Double Wedding Ring
Page 19
Tag reached out and turned the screen on its swivel base so she could no longer see it. Then he picked her up and drew her onto his lap. She let out a startled cry.
“I want you every minute,” he said, softly touching her hair with his fingers. “Why is it so hard for you to believe that?”
She shook her head.
“Tell me, Susan.”
“You won’t make love with me again,” she whispered.
“This is Betsy’s house,” he said. “I won’t risk any kind of ugliness with her, not about that. Move out, Susan. Come home with me.”
She shook her head again, this time more forcefully. “Not now, Tag. I won’t come until I’m...better.”
She wanted to be able to walk and talk and drive and take care of his house and Cody and everything, just the way she had before. She would accept no less, no matter what Tag said.
So, every morning, they plugged away at her reading and writing while Betsy plugged away at blocking Tag’s visits. She clipped the wires to the front doorbell. She kept the double doors to Susan’s room flung wide open whenever Tag came over and commenced her vacuuming or any other noisy activity to thwart their conversation. She sent Cody in to play while Susan and Tag tried to work. She opened the door leading from the kitchen to Susan’s room and rattled pans for hours on end. She invited Addy to come over an hour earlier, until Addy figured out what was going on and resumed the previous schedule. She even started inviting Bump Finley to bring his nephew over in the mornings so Cody and Jake could play their rambunctious games on the side porch.

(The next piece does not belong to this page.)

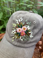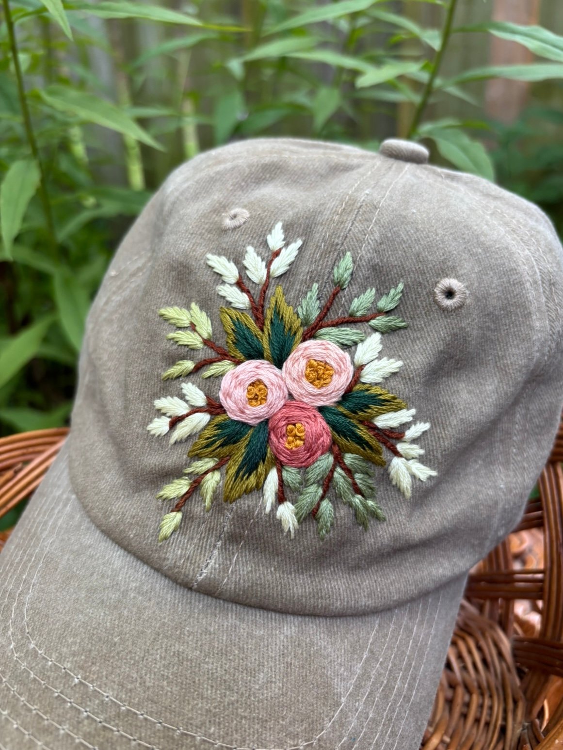 A dad-style hat featuring a hand-stitched floral design. The hat is adjustable, ensuring a comfortable fit for most people.

The only thing she didn’t do was speak—to either one of them.
Susan’s concentration suffered. So did her emotional state. Some days she desperately wanted to pull the covers over her head and avoid the hostility that emanated from her mother. But that way, she knew, lay defeat. And she refused to be defeated by her mother.
“Not again,” she would whisper to herself, then begin the painstaking process of dragging herself out of bed and bathing and changing clothes. “Never again.”
Some days the strain gave her headaches. Some days she was so weary from it all, she could barely keep herself moving for late-afternoon therapy.
“Is something wrong, Susan?” Sam asked one day when she felt too weak to drag herself out of the wheelchair.
Afraid to tell him for fear he, too, might ban Tag from the house, Susan shook her head. “I’m fine.”
“No, you aren’t. Is it Tag?”
“No!” She tried to swallow back the panic. “No, really. I...I don’t sleep well. That’s all.”
“Why not? What’s on your mind?”
Frustration welled up in Susan. Sometimes she felt badgered on every front.
“Malorie,” she said, wondering where that had come from.
“What about Malorie?”
She saw the interest in his eyes and felt guilty for the fib. Except, as she thought about what to tell him next, she realized it was no fib at all. She did worry about her daughter. On top of everything else, she saw how wan and edgy her daughter seemed these days. She had seen her daughter sink into that state before. If only she could remember when and why, perhaps she could prevent it from happening again.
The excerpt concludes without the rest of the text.